I recently used the emoji search feature in an app. I typed “car” and expected to be greeted with 🚗 as a top result but found things like 🥕 (carrot) to be much higher ranking. This post explores how a search algorithm for searching a small list can be enhanced.
A search experience like this might be called substring match search because it works something like this:
- Start with a list of values
- Filter based on substring matching
- Return results
The solution is simple and for some applications with small lists it may be perfect.
There are some shortcomings, however. Misspellings are not tolerated, and ranking is nonexistent. As a result, the query “carr” might not return the car at all, and “car” might return the carrot as the first result.
I worked on a project similar to the emoji search where a simple solution was desired. The list of items to query was small (hundreds to thousands). The search could be made fast and reasonably good without introducing a new dependency like Elasticsearch.
That project started with a prototype quite similar to the substring match search algorithm. It evolved to use a distance algorithm for ranking.
Computing Distance
Let’s go back to the “car” query.
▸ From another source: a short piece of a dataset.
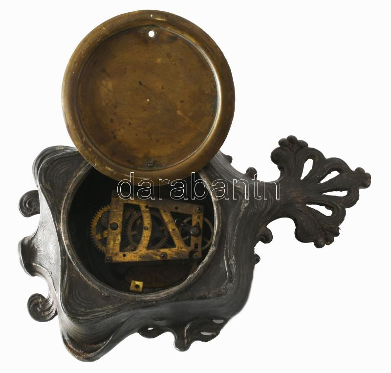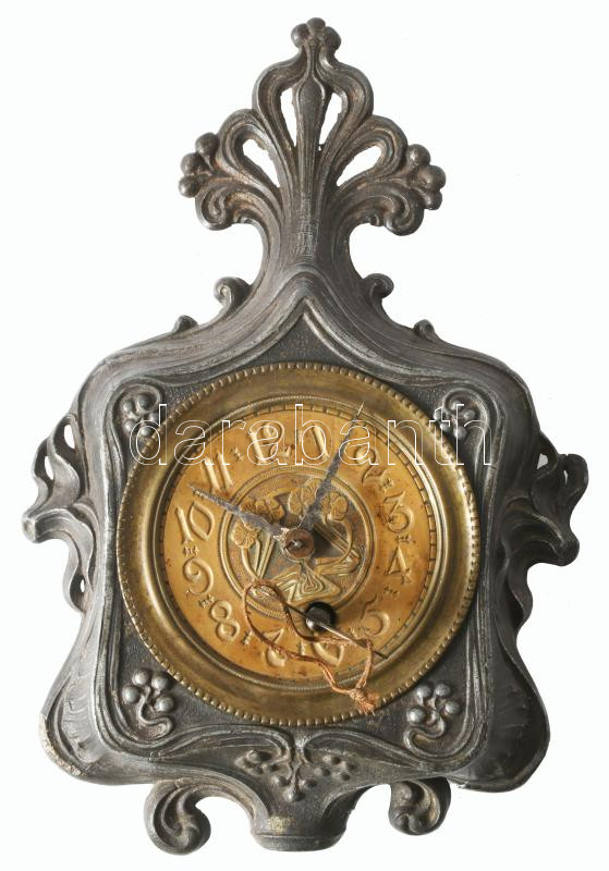 Szecessziós ón óra, felhúzójával, hiánnyal, 28x19 cm

Instead of simply filtering the results for anything that contains “car,” what if we had a way to compare the “car” query to each possible result and compute a similarity? If the two are too dissimilar, the result can be discarded; if not, the result can be kept with the score for later sorting.
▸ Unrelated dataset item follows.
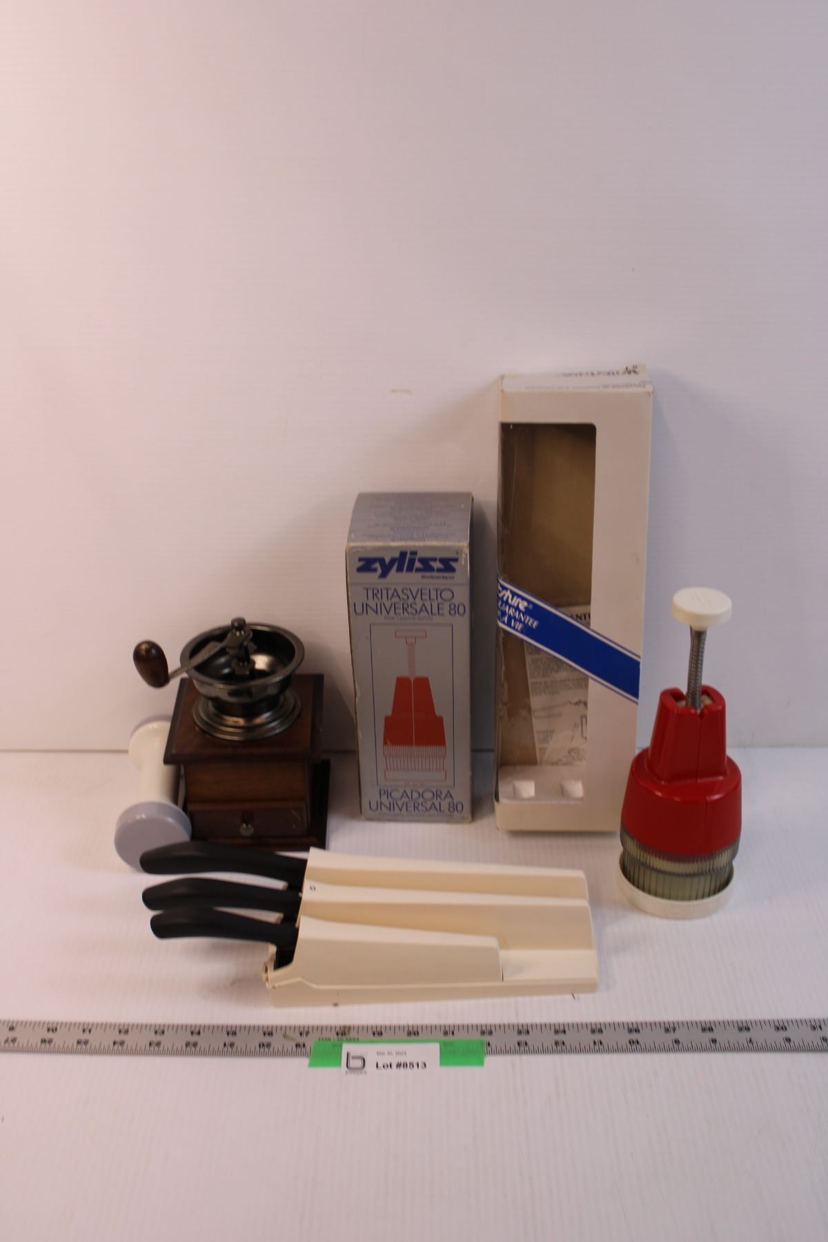 Vintage Coffee Grinder, Food Chopper, Knife Set and Garlic Press

Such an algorithm solves the two problems above:
- Small misspellings can be accounted for, as a difference of one or two characters
- The results can be ranked from most relevant to least relevant, because each results has a distance score - and results below a threshold can be excluded
Any distance algorithm is going to be slower than the simple substring search above, but for small datasets it might still be appropriate. As with all problems, knowing your requirements is key!
Jaro-Winkler Algorithm
An algorithm worth considering in these situations is Jaro-Winkler. Jaro-Winkler has two components1:
- Jaro similarity: The foundation of the algorithm is to compute a similarity score based on the number of edits.
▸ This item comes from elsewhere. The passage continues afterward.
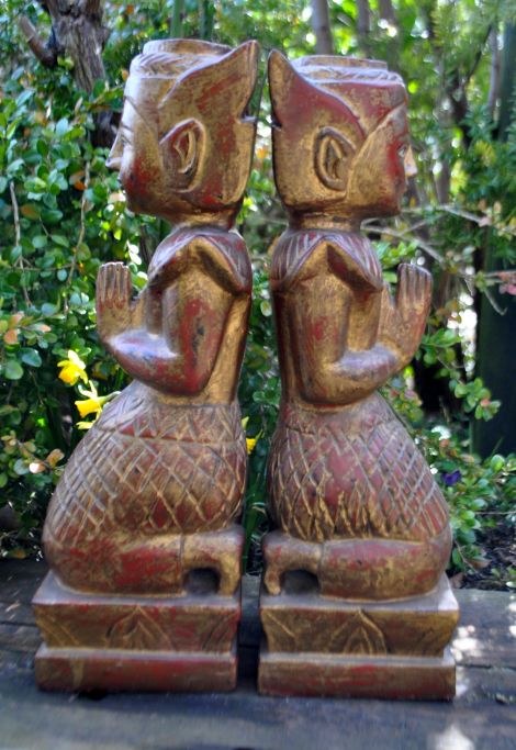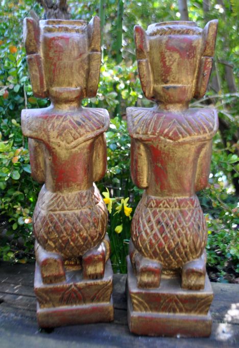 Paar hölzerne Tempelwächter, Thailand, 20. Jahrhundert. Vergoldet und bemalt. Höhe: 38 cm. B: 11 cm. D: 12 cm.

- Prefix boost: The algorithm boosts results who share a prefix with the search query, enhancing the results.
There are many other algorithms worth considering, but Jaro-Winkler may be a nice iteration over the substring search approach.
Search Requirements
Clearly there are many different search problems, and whether a solution is good depends on the use case. Search problems of a certain scale couldn’t use an algorithm like Jaro-Winkler; it would be too expensive. Also the desired behavior varies widely in search. For instance, a use case might not tolerate misspellings, but does require ranking with a prefix boost.
What was fascinating to me, in playing with search a little, is the way an algorithm can be written and tweaked for a use case; for instance, I had started with Jaro similarity score and then added a prefix boost and tuned that for my use case. It’s a fun world to tinker with!
If you have never played with search, give it a try! You could grab a list of emoji and see what algorithm makes for a nice search experience for you.
-
See the Wikipedia entry if you want more details. ↩